▶ **EXERCISE OBJECTIVE**
Write out, without any change, the lines in the material below that run from the line with "在张院长和SARYYEVA JAHAN引" through the line with "Выполнен ремон", both included.

▶ **DATA SUPPLIED**
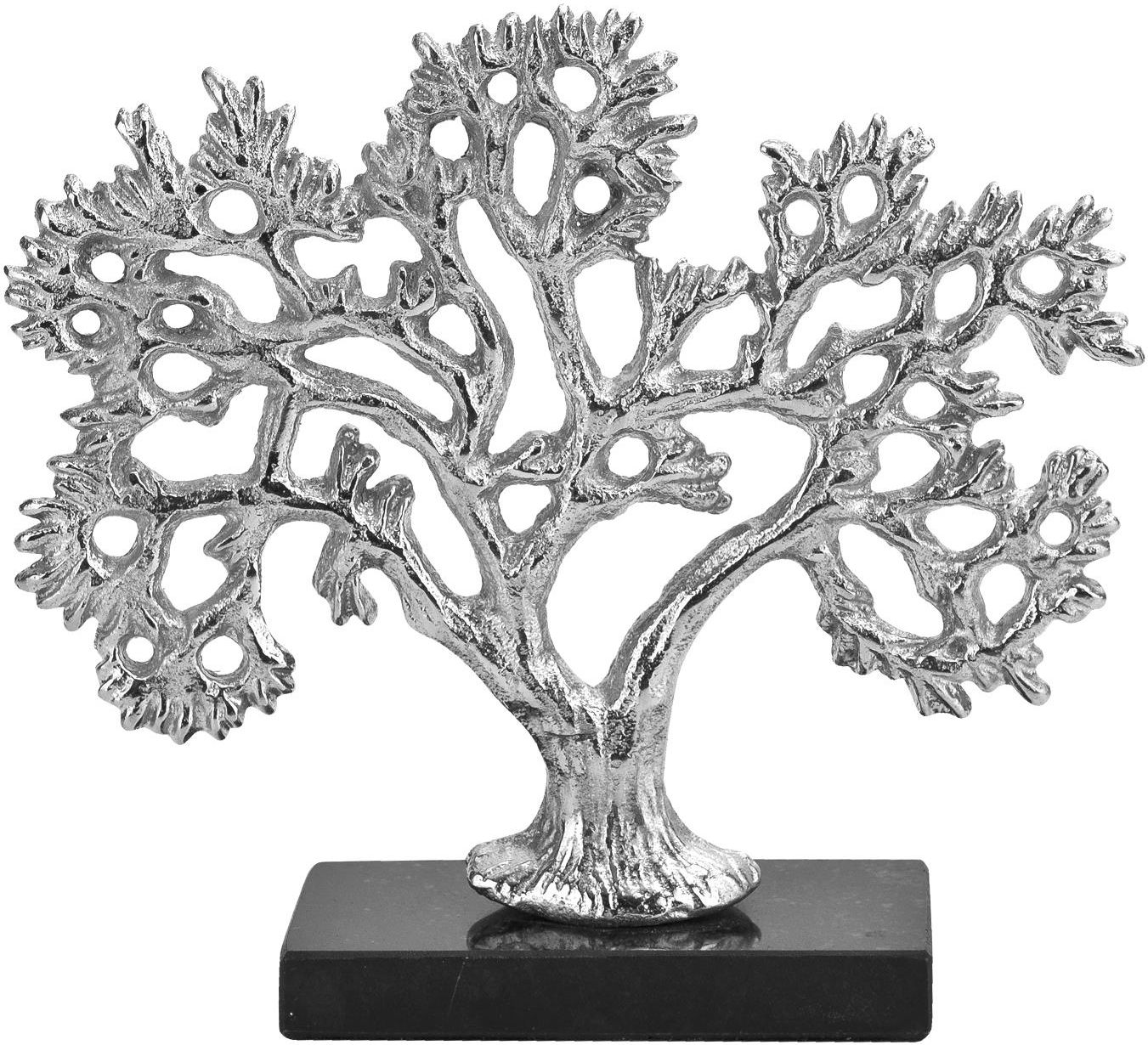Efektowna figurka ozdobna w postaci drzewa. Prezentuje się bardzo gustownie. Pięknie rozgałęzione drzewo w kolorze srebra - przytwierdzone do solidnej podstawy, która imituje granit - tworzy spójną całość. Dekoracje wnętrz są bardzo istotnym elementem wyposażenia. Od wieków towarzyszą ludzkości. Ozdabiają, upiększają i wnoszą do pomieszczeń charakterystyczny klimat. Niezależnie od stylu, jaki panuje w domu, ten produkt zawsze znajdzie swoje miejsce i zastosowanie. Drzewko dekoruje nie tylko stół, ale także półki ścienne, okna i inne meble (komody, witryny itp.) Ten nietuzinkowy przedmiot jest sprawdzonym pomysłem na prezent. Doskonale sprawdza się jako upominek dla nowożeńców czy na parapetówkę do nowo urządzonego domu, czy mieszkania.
==
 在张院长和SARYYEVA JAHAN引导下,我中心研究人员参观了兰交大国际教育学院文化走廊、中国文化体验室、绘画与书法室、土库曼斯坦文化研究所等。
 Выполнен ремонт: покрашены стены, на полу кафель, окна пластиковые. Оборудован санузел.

▶ **THE COMPLETED TASK**
 在张院长和SARYYEVA JAHAN引导下,我中心研究人员参观了兰交大国际教育学院文化走廊、中国文化体验室、绘画与书法室、土库曼斯坦文化研究所等。
 Выполнен ремонт: покрашены стены, на полу кафель, окна пластиковые. Оборудован санузел.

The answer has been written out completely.